Swimming in the Aegean
The soft Aegean
Rocks and salts my palid skin
Burned red by hot sun
A haiku for my writing group, the Thistle Scribblers. Thanks for revealing and sharing the mystery of haikus.
Comparing notes with my sister yesterday, we agree that the Aegean is unusual – soft, it moves slowly. It appears to have no swell or breakers to speak of, the shoreline disrupted instead by waves generated by those in speedboats offering rides and thrills out in the flat waters just beyond the swimmers.
Where we were staying, on the island of Thassos, it proved easy, once beyond the pebbly shoreline, to swim in the cool, remarkably clean and clear water, which never felt very deep. There are platforms of rock everywhere to make it easy to stand upright in the waves, and the only hazard I found – apart from the sneaky hot sun – was in swallowing excess amounts of salt with the water.
We were warned to swim wearing sand shoes, which we did, to avoid the prickles of sea urchins, which I never saw up close. I could see those black spikeys hugging the less disturbed rocks directly below the lit-up terraces at our hotel in the evening. I suspect they need still waters to thrive best.

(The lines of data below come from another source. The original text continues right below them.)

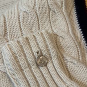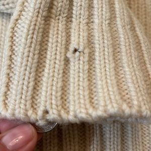 Polo by Ralph Lauren men’s medium 100%Wool. I went over the sweater few times there are pulls yarn appears to be stretched a bit. My free people have more holes and tears made that way ! Please look over pictures carefully. If you have any questions please ask before purchase thank you.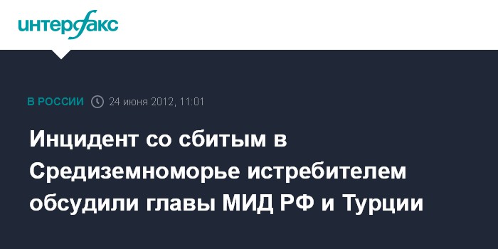 Москва. 24 июня. INTERFAX.RU - Министр иностранных дел России Сергей Лавров в телефонном разговоре с главой МИД Турецкой Республики Ахметом Давутоглу обсудил инцидент с турецким истребителем, сообщает в воскресенье сайт российского внешнеполитического ведомства. 23 июня по инициативе турецкой стороны состоялся телефонный разговор министра иностранных дел Российской Федерации С.Лаврова с министром иностранных дел Турецкой Республики А.Давутоглу. В ходе беседы была обсуждена ситуация вокруг Сирии, в том числе в контексте имевшего место инцидента с турецким истребителем", - говорится в сообщении.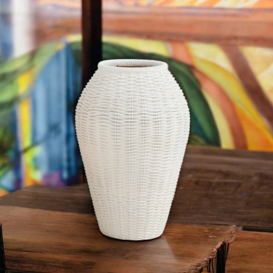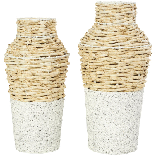 Brown Seagrass Woven Decorative Vase with Speckled Black and White Base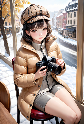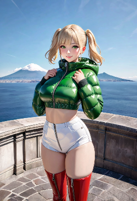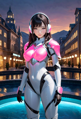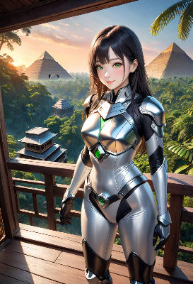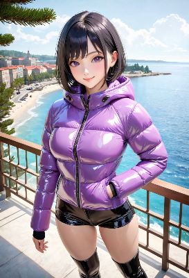 この画像は、雨の街路を背景にポニーテールの少女が紫の透明ジャケットを着て微笑む様子を描いたもので、アニメ調の3Dレンダリングが印象的だ。彼女の表情は魅力的で、雨の反射が街の雰囲気を美しく演出している。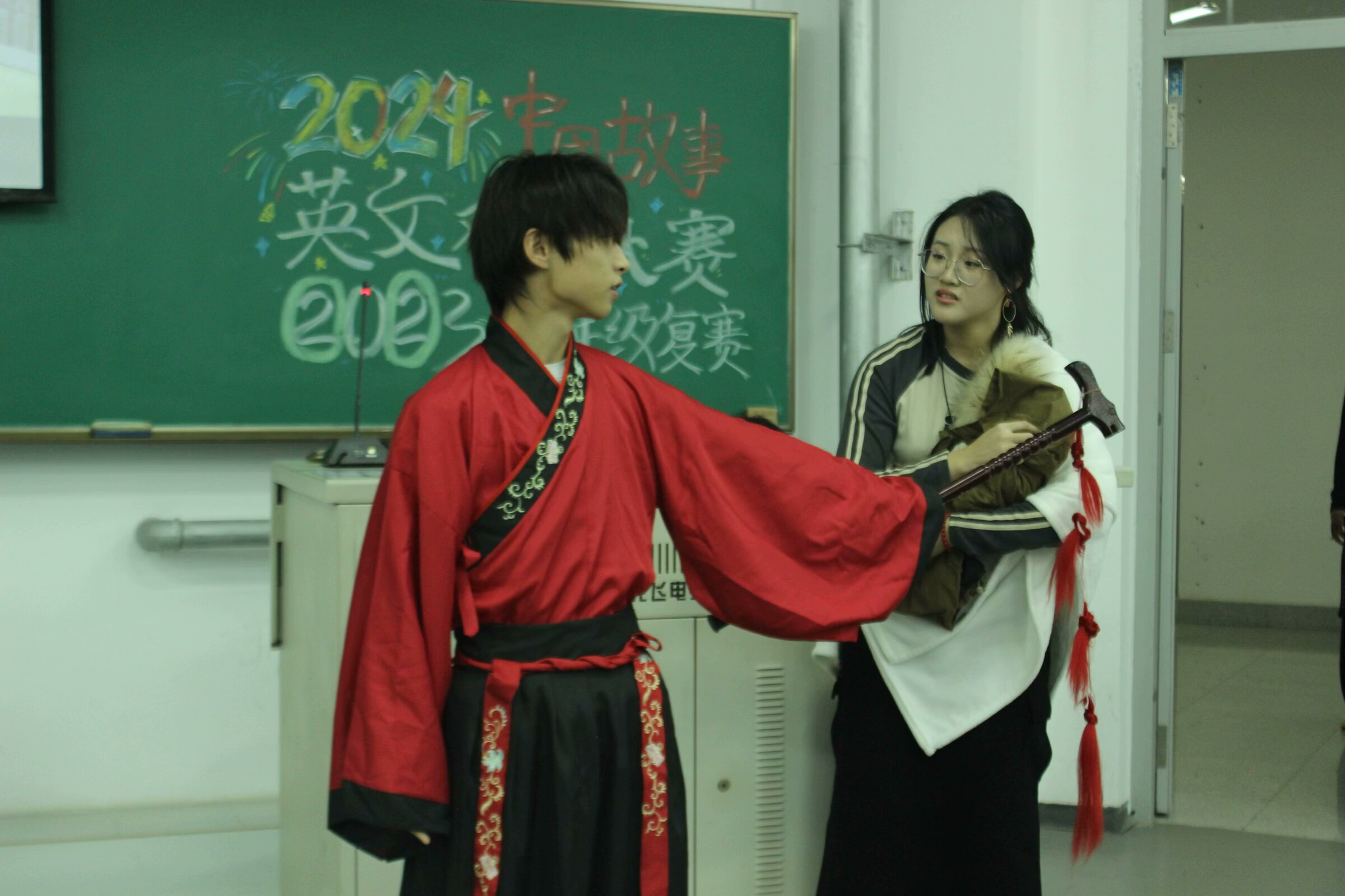 为展示中国经典文学作品的风韵与精神价值,讲好中国故事,推动中华文化走向世界,11月13日下午,英语学院2024年“中国故事”主题英文戏剧大赛2022级、2023级、2024级年级复赛于明德楼成功举办,11月12日中午,研究生组年级复赛于爱尔兰研究中心成功举办。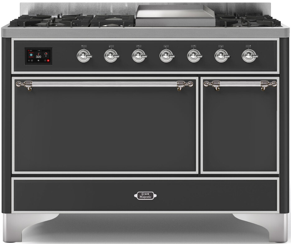 The 48" Majestic freestanding range brings the ultimate cooking experience to your kitchen. The large European Convection oven gives you the power to experiment with your dishes and get even cooking, while the full-width warming drawer gives the option to use residual heat of the oven to keep cooked food warm or warm your dishes before serving. The cooktop features semi-sealed burners with various BTUs to cook whatever you want, however you want.Read More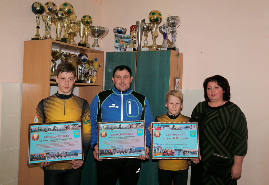 Сертификат на приобретение спортивного инвентаря для зимних видов спорта вручается ГУО «Средняя школа №2 г. Круглое». Его с благодарностью принимают директор Лилия Симонович, преподаватели и юные воспитанники.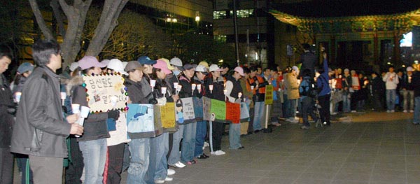 ¿µÈÆò·Ð°¡ ¾çÀ±¸ð¾¾´Â ¸¶ÀÌÅ©¸¦ Àâ°í ¡°<¾Ç¾î> À¯µ¿¹Î °¨µ¶ÀÇ 1ÀÎ ½ÃÀ§¸¦ °Ý·ÁÇÏ·¯ ¿Ô´Ù¡±¸é¼ ¡®Àý±ÔÇÏ´Â ½ÉÁ¤À¸·Î ¸¶ÀÌÅ©¸¦ Àâ¾Ò´Ù¡¯°í ¹àÇû´Ù. ±×´Â Çѱ¹ÀÇ È¥À» ÆÈ°í ¹®È¸¦ ÆÈ¾Æ¸Ô´Â ³ë¹«Çö Á¤ºÎ¸¦ ¼ºÅäÇß´Ù. ¡°¿µÈÀεéÀº ¿µÈ¸¦ ¸¸µé¾î ¼öÃâµµ Çϰí Çѱ¹ÀÇ ¾Æ¸§´Ù¿î ¹®È¸¦ ¿Ü±¹¿¡ ¾Ë¸®´Âµ¥ Á¤ºÎ°¡ ÇÏ´Â ÀÏÀ̶ó°ï 10¸¸°³ÀÇ ÀÏÀÚ¸®¸¦ ¸¸µç´Ù¸é¼ ºñÁ¤±ÔÁ÷À» ¾ç»êÇÏ´Â °Í »Ó¡±À̶ó¸é¼ ¡°À̰ÍÀº 5%ÀÇ ±âµæ±ÇÀÚ°¡ 95%¸¦ Áã¾îÂ¥±â À§ÇÑ °Í¡±À̶ó°í ¼ºÅäÇÏ¿´´Ù.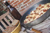 Nu vel, denne blanding er frisk og lidt syrlig og passer godt til den lidt tørre dej i pien, så det, som i første omgang blev sat sammen i mangel af bedre, er nu blevet til en gentagen succes.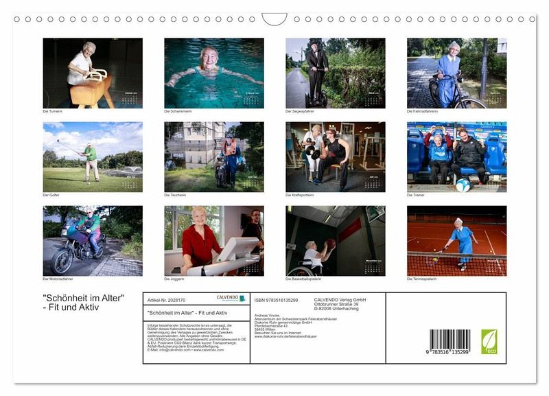 QUALITÄT - Hochwertiger Fotokalender mit 12 wunderschönen Motiven auf lichtbeständigem Bilderdruckpapier, robuste Spiralbindung mit Aufhängebügel.NACHHALTIG - deutliche Abfallreduzierung durch bedarfsgerechte Einzelstückfertigung, umweltfreundliches FSC-zertifiziertes Papier, Produktion in Deutschland, klimabewusste Logistik.PERFEKTES GESCHENK - Kalender für Freunde und Familie, für Kinder und Erwachsene, jung und alt, zu Weihnachten, Geburtstag oder zwischendurch.VIELFALT - Bildkalender in verschiedenen Formaten, z.B. DIN A5, DIN A4, DIN A3 sowie DIN A2. Ob Naturmotiv, Gemälde oder Fotos, ideal für ein persönliches Wohlfühlambiente.Senioren des Altenzentrums am Schwesternpark - Feierabendhäuser zeigen wieviel Spaß Sport im Alter bereiten kann. von Autor(in): Andreas Vincke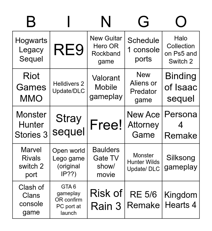 This bingo card has a free space and 24 words: Open world Lego game (original IP??), GTA 6 gameplay OR confirm PC port at launch, Valorant Mobile gameplay, Clash of Clans console game, Halo Collection on Ps5 and Switch 2, Hogwarts Legacy Sequel, Riot Games MMO, RE9, New Ace Attorney Game, Baulders Gate TV show/ movie, New Aliens or Predator game, Monster Hunter Stories 3, Monster Hunter Wilds Update/ DLC, Silksong gameplay, Helldivers 2 Update/DLC, RE 5/6 Remake, Persona 4 Remake, New Guitar Hero OR Rockband game, Binding of Isaac sequel, Stray sequel, Kingdom Hearts 4, Marvel Rivals switch 2 port, Schedule 1 console ports and Risk of Rain 3.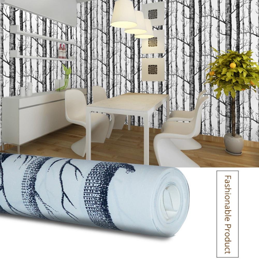 Bois Papier Peint De Bouleau Arbre Foret Noir Blanc Chambre Mur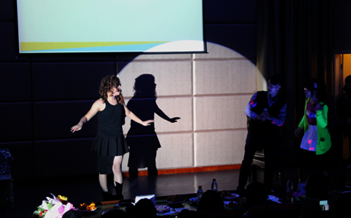 师生们欢聚一堂,共度了一个美好的夜晚。节奏感十足的热舞、动感充沛的现代舞、精美绝伦的汉服秀、个性十足的独唱歌曲《算你狠》、优雅动人的双人舞蹈《凤鸣动》、深情朗诵的诗歌《热爱生命·勇往直前·我们的微笑》、优美灵动的《碧波孔雀》……节目内容精彩纷呈,多姿多彩,现场氛围激情荡漾,充分展现了建筑装饰艺术分院与现代国际设计艺术分院学子们飞扬的青春。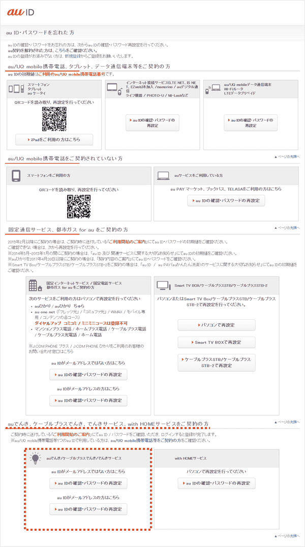 [auでんき、ケーブルプラスでんき、でんきサービス、with HOMEサービスをご契約の方]→[au IDの確認・パスワードの再設定]よりお手続きください。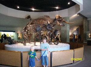 After chasing Jayson through the Natural History Museum at Exposition Park, the movie, Night at the Museum, has taken on a whole new meaning for Kaitlin and I. I believe it is probably Jayson's favorite museum. You could just see his imagination working as we went from one hall of mammals to another with animal noises included. There was one point in witch Kaitlin and I were sure we'd loose him to a herd of African elephants. Though she loves seeing all of the animals, Kaitlin's favorite is the Gems and Minerals exhibit. She likes all of the gems still in the rocks along with all of the crystals much more than she likes the beautifully cut gems. In fact, the priceless red diamond wasn't worth the line as far as she was concerned. Of course the T-rex and triceratops skeletons in the main hall are always a must to see. Along with this, Kaitlin and Jayson were very interested in the new Dino Lab as well. They both watched the scientists work with the fossils for quite a while. With everything they wanted to see, I could not get them to the car in time to make it home for soccer. Though Jayson fussed about missing his sports, both kids fussed more when it came to leaving the museum for the day.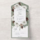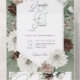 Boho Winter White Floral & Pine Green No Dinner All In One Invitation
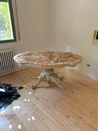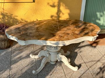 Vendo tavolo ovale stile classico, molto scenografico e di grande presenza. Base centrale con lavorazioni e piedi intagliati, finitura bianca (stile shabby/vintage). Piano in legno decorativo con venature tipo radica/intarsio, con bordo lavorato: dal vivo fa un effetto davvero elegante e “importante”. Misure: 174 lunghezza 111 larghezza H. 80 cm Ritiro a mano in zona o possiamo accordarci per trasportarlo. Prezzo trattabile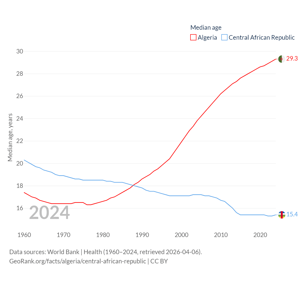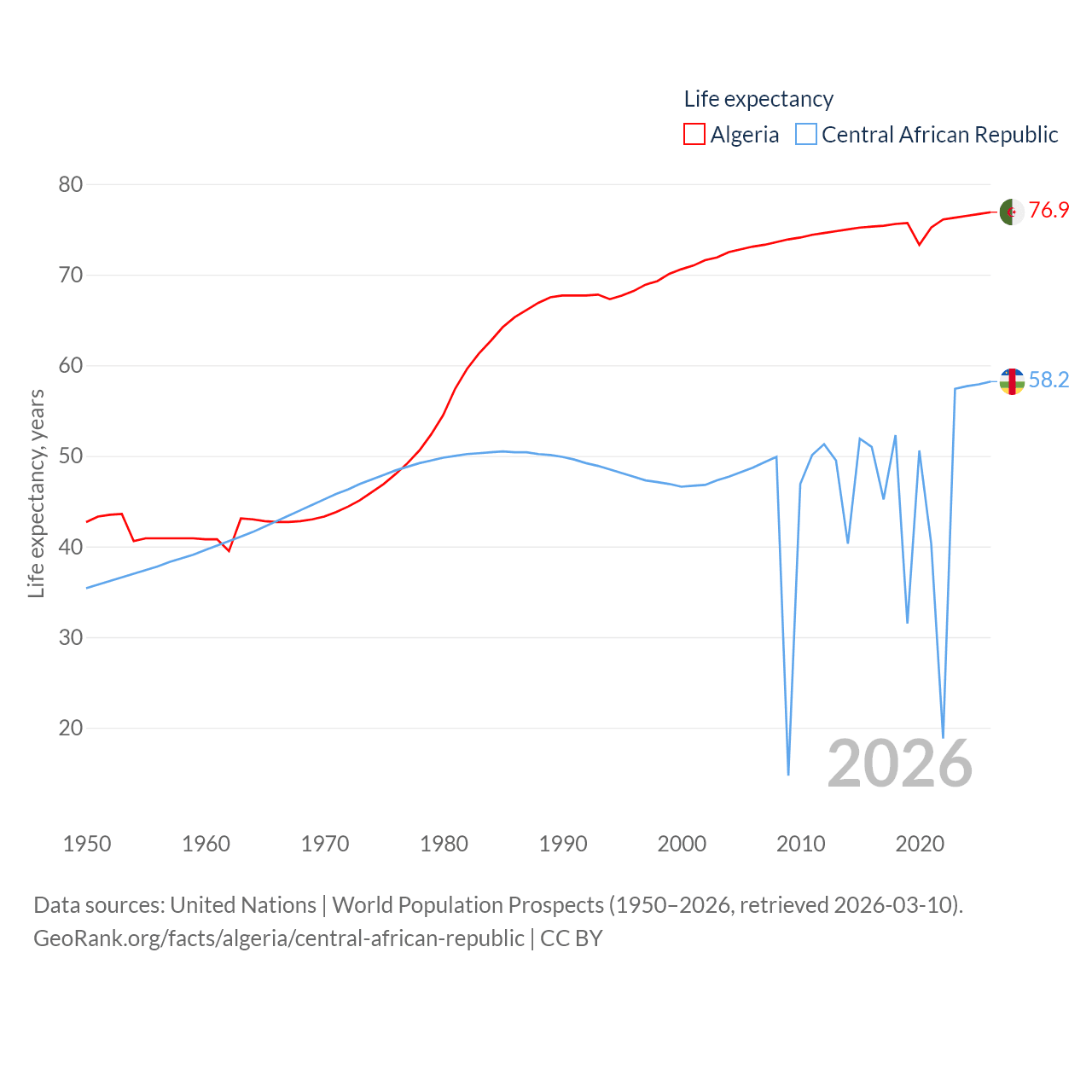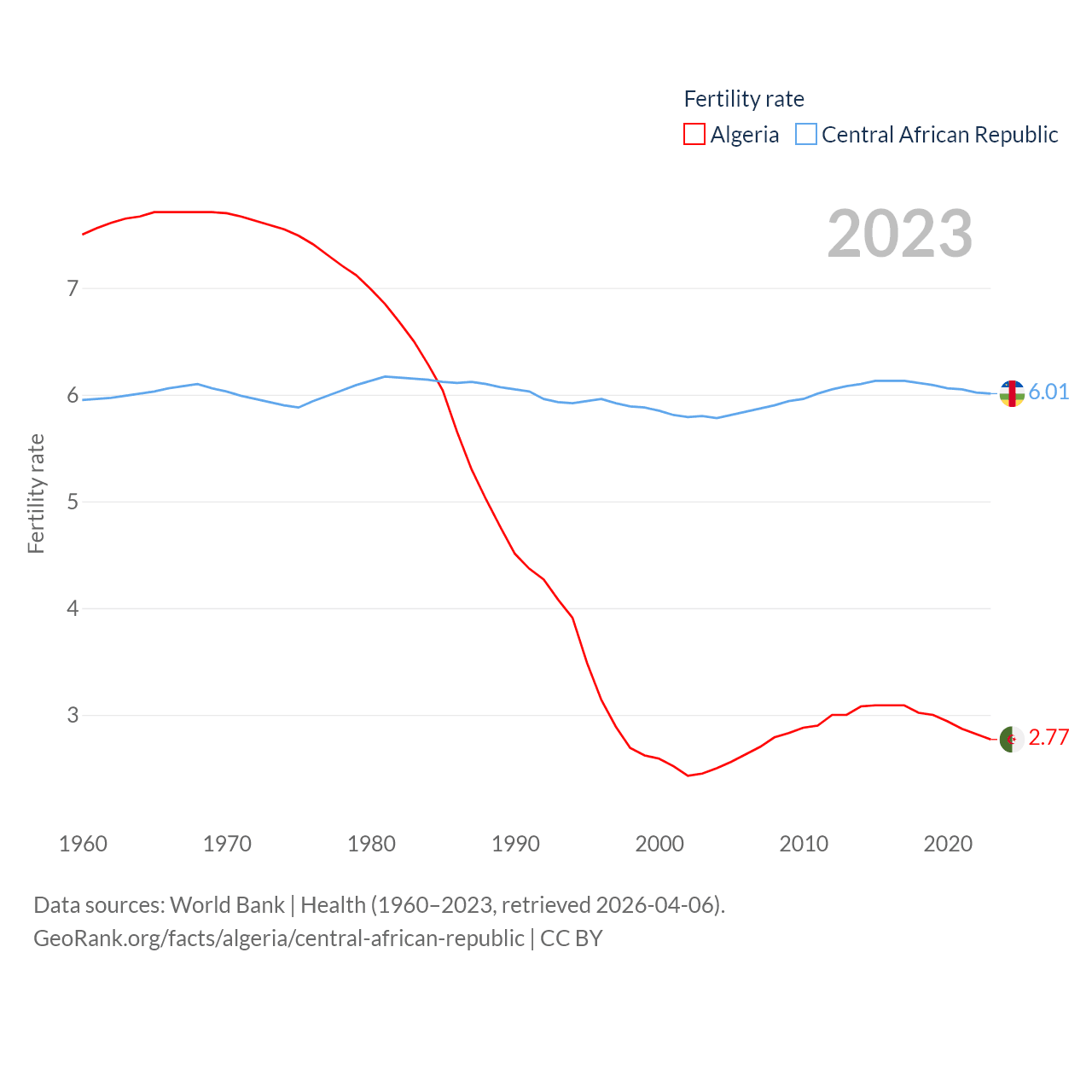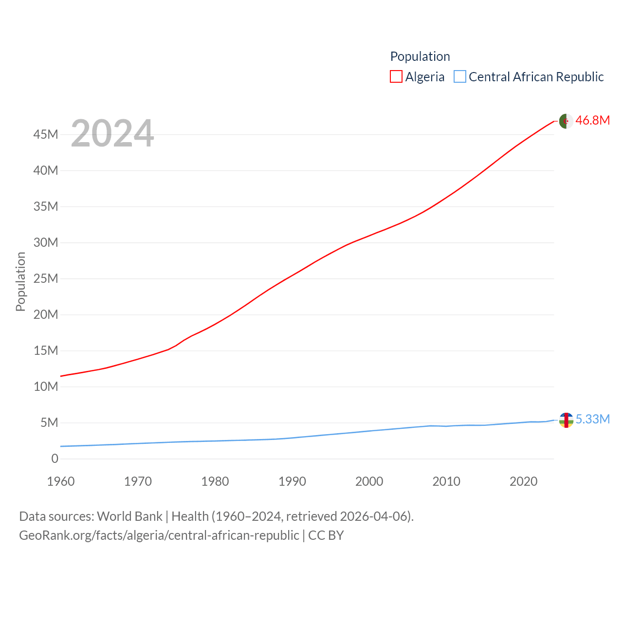 Algeria has a population of 46.8M (ranked 33/197), compared with 5.33M in The Central African Republic (ranked 121/197). Algeria's land area is 919,595 sq mi versus 240,534 sq mi for The Central African Republic (ranked 10th vs. 43rd).

Which left me wondering – sometimes I wish I didn’t wonder so much – how much of plant and animal life is disturbed by the presence of swimmers, boats, dinghies, and water speeders of various sorts. They cross the surface of the ocean harmlessly enough, and relatively close by, but as I say, the Aegean is soft and slow, and I wonder whether even the smallest disruption has adverse effects.